_Lambda School Data Science — Classification 1_ 

This sprint, your project is about water pumps in Tanzania. Can you predict which water pumps are faulty?

# Confusion Matrix, Precision & Recall

#### Objectives
- get and interpret the confusion matrix for classification models
- use classification metrics: precision, recall
- understand the relationships between precision, recall, thresholds, and predicted probabilities
- understand how Precision@K can help make decisions and allocate budgets

#### Install category_encoders
- Local, Anaconda: `conda install -c conda-forge category_encoders`
- Google Colab: `pip install category_encoders`

### Review: Load data, fit model

In [16]:
%matplotlib inline
import category_encoders as ce
import matplotlib.pyplot as plt
import numpy as np
import pandas as pd
import seaborn as sns
from sklearn.impute import SimpleImputer
from sklearn.metrics import accuracy_score
from sklearn.model_selection import train_test_split
from sklearn.pipeline import make_pipeline
from sklearn.ensemble import RandomForestClassifier

def wrangle(X):
    """Wrangles train, validate, and test sets in the same way"""
    X = X.copy()

    # Convert date_recorded to datetime
    X['date_recorded'] = pd.to_datetime(X['date_recorded'], infer_datetime_format=True)
    
    # Extract components from date_recorded, then drop the original column
    X['year_recorded'] = X['date_recorded'].dt.year
    X['month_recorded'] = X['date_recorded'].dt.month
    X['day_recorded'] = X['date_recorded'].dt.day
    X = X.drop(columns='date_recorded')
    
    # Engineer feature: how many years from construction_year to date_recorded
    X['years'] = X['year_recorded'] - X['construction_year']    
    
    # Drop recorded_by (never varies) and id (always varies, random)
    unusable_variance = ['recorded_by', 'id']
    X = X.drop(columns=unusable_variance)
    
    # Drop duplicate columns
    duplicate_columns = ['quantity_group']
    X = X.drop(columns=duplicate_columns)
    
    # About 3% of the time, latitude has small values near zero,
    # outside Tanzania, so we'll treat these like null values
    X['latitude'] = X['latitude'].replace(-2e-08, np.nan)
    
    # When columns have zeros and shouldn't, they are like null values
    cols_with_zeros = ['construction_year', 'longitude', 'latitude', 'gps_height', 'population']
    for col in cols_with_zeros:
        X[col] = X[col].replace(0, np.nan)
        
    # For categoricals with missing values, fill with the category 'MISSING'
    categoricals = X.select_dtypes(exclude='number').columns
    for col in categoricals:
        X[col] = X[col].fillna('MISSING')
    
    return X


# Merge train_features.csv & train_labels.csv
train = pd.merge(pd.read_csv('https://drive.google.com/uc?export=download&id=14ULvX0uOgftTB2s97uS8lIx1nHGQIB0P'), 
                 pd.read_csv('https://drive.google.com/uc?export=download&id=1r441wLr7gKGHGLyPpKauvCuUOU556S2f'))
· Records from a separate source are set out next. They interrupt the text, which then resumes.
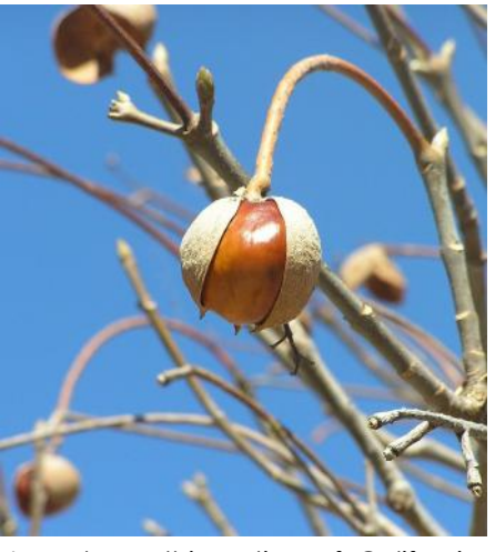
In autumn this native of California has large, glossy fruits hanging from bare, silvery branches. The nuts of Aesculus californica, the Californian buckeye contain a neurotoxin which causes the red blood cells to rupture. Native Americans ground the nuts and used them to poison streams, stunning fish and making them easier to catch.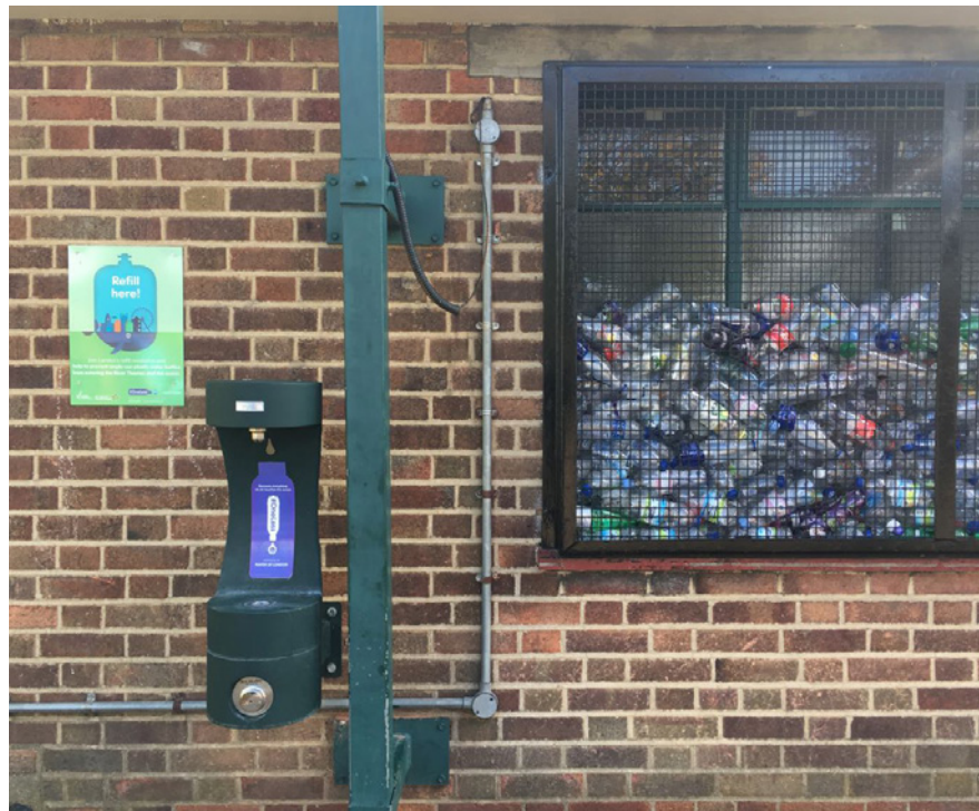
a window full of plastic bottles advertising a drinking fountain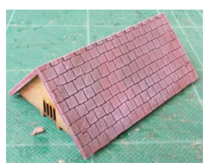
The roof once painted.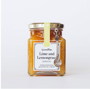
Lime & Lemongrass 260ml | 280g Net

Transport your taste buds to sun-drenched groves with our Lime & Lemongrass, a tantalizing blend of zesty citrus and aromatic lemongrass..

# Read test_features.csv & sample_submission.csv
test = pd.read_csv('https://drive.google.com/uc?export=download&id=1wvsYl9hbRbZuIuoaLWCsW_kbcxCdocHz')
sample_submission = pd.read_csv('https://drive.google.com/uc?export=download&id=1kfJewnmhowpUo381oSn3XqsQ6Eto23XV')

# Split train into train & val. Make val the same size as test.
train, val = train_test_split(train, test_size=len(test),  
                              stratify=train['status_group'], random_state=42)
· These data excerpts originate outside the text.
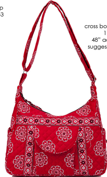
cross body cargo #10042 11"X13"X5" 48" adjustable strap suggested retail $79.50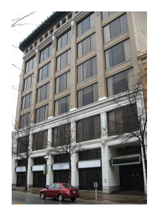
The National Register-listed Gus Blass Department Store at 320-322 S. Main Street would qualify for the federal rehabilitation tax credit.

The federal historic tax credit (HTC) has been used fairly extensively in Arkansas to support the renovation of historic housing, office, and retail space in the state. Between 2000 and 2006, the federal historic tax credit program has supported 57 projects totaling more than $54 million in renovation (in 2006 dollars). The size of projects supported by the HTC has varied from approximately $10,000 to $10 million dollars.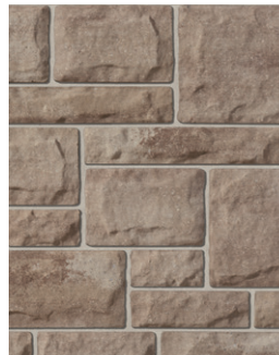
SHORELINE Multi Bundle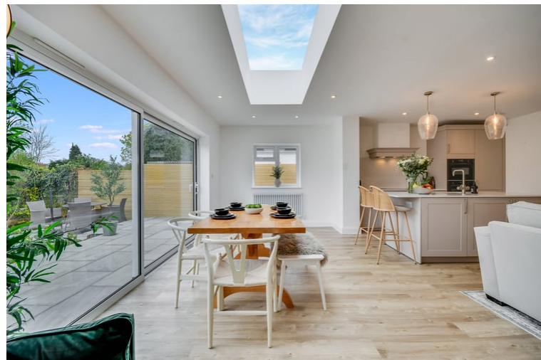
Open Plan Kitchen / Living Area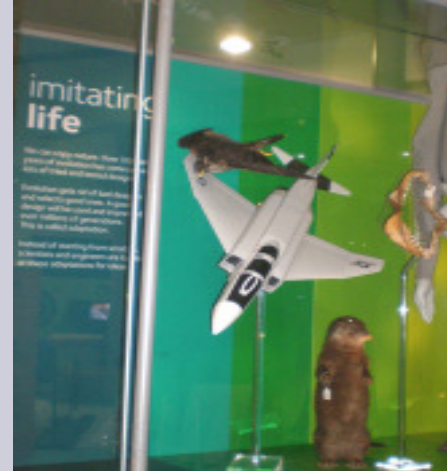
An aircraft displayed to simulate the flying facon, supported on a custom made Acrylic stand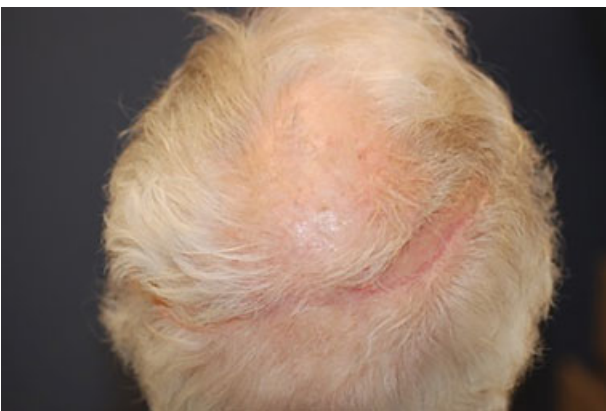
Fig. 8 The end result of case 3.

In this case series, we present our novel algorithm for en bloc resection and three-layered reconstruction (dura, cranium, and scalp skin) of solitary calvarial tumors using an interdisciplinary approach.

# Wrangle train, validate, and test sets in the same way
train = wrangle(train)
val = wrangle(val)
test = wrangle(test)

# Arrange data into X features matrix and y target vector
target = 'status_group'
b

# Make pipeline!
pipeline = make_pipeline(
    ce.OrdinalEncoder(), 
    SimpleImputer(strategy='mean'), 
    RandomForestClassifier(n_estimators=100, random_state=42, n_jobs=-1)
)

# Fit on train, score on val
pipeline.fit(X_train, y_train)
y_pred = pipeline.predict(X_val)
print('Validation Accuracy', accuracy_score(y_val, y_pred))
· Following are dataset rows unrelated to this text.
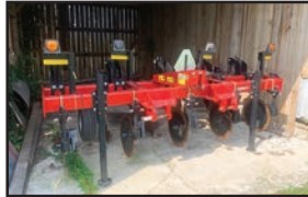
2020 CIH 2500 5 shank in line ripper , heavy duty springs, fall points less than 300 acre use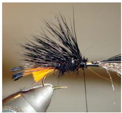
16. Wind the ribbing wire through the wings to the tie-in point of the front wing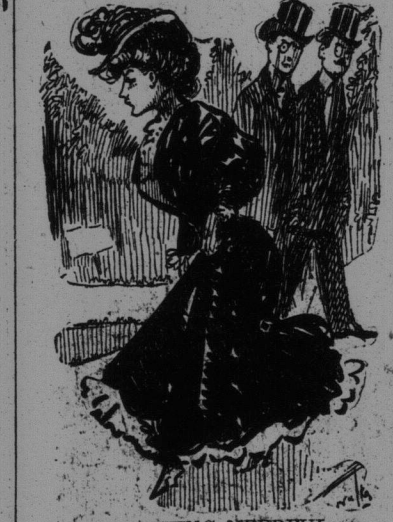
ONE THING NEEDFUL.

The Map Publisher—Better wait 20 minutes. They might start a revolution.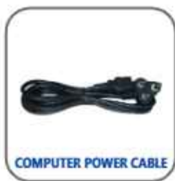
COMPUTER POWER CABLE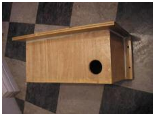
Front view showing 45mm diameter entrance hole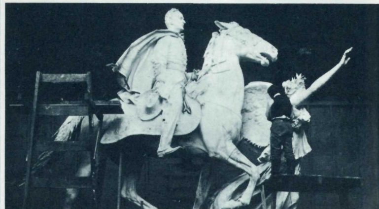
At work on the Sherman.

When the statue was exhibited in Paris in 1880 and then cast in bronze and placed in Madison Square in New York, it was quickly recognized as a landmark in American sculpture. "Here was racy characterization joined to original composition," one critic has written, "a public memorial with the stamp of creativity upon it." While Saint-Gaudens was overturning old conventions in sculpture with the figure, his collaborator, White, was contributing a new approach in pedestal design.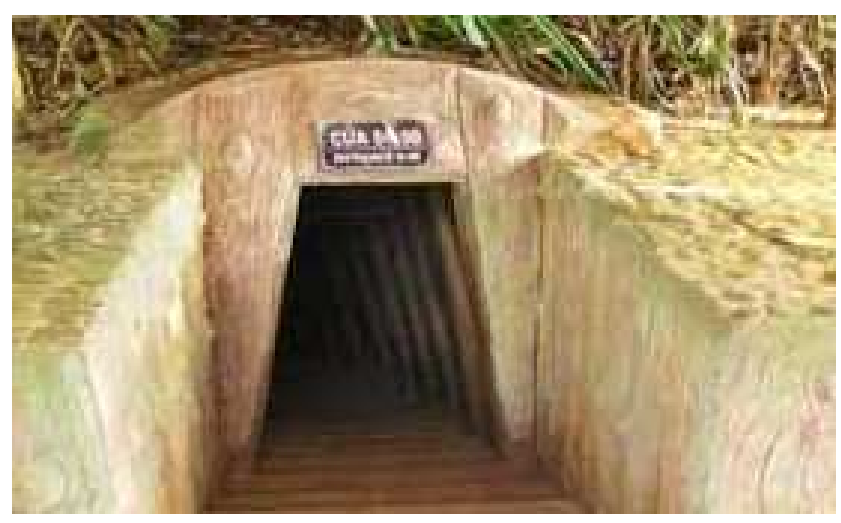
(A).Cuchi tunnel, Vietnam

Validation Accuracy 0.8140409527789386


In [17]:
X_train.shape, X_val.shape, X_test.shape, y_train.shape, y_val.shape, y_test.shape

NameError: name 'y_test' is not defined

## Get and interpret the confusion matrix for classification models

[Scikit-Learn User Guide — Confusion Matrix](https://scikit-learn.org/stable/modules/model_evaluation.html#confusion-matrix)

In [6]:
from sklearn.metrics import confusion_matrix 

pd.DataFrame(confusion_matrix(y_val, y_pred), columns)

Unnamed: 0,0,1,2
0,7005,171,622
1,555,332,156
2,1098,68,4351


#### How many correct predictions were made?

In [4]:
from sklearn.utils.multiclass import unique_labels 

unique_labels(y_val)

array(['functional', 'functional needs repair', 'non functional'],
      dtype='<U23')

#### How many total predictions were made?

In [5]:
pipeline.named_steps['randomforestclassifier'].classes_

array(['functional', 'functional needs repair', 'non functional'],
      dtype=object)

#### What was the classification accuracy?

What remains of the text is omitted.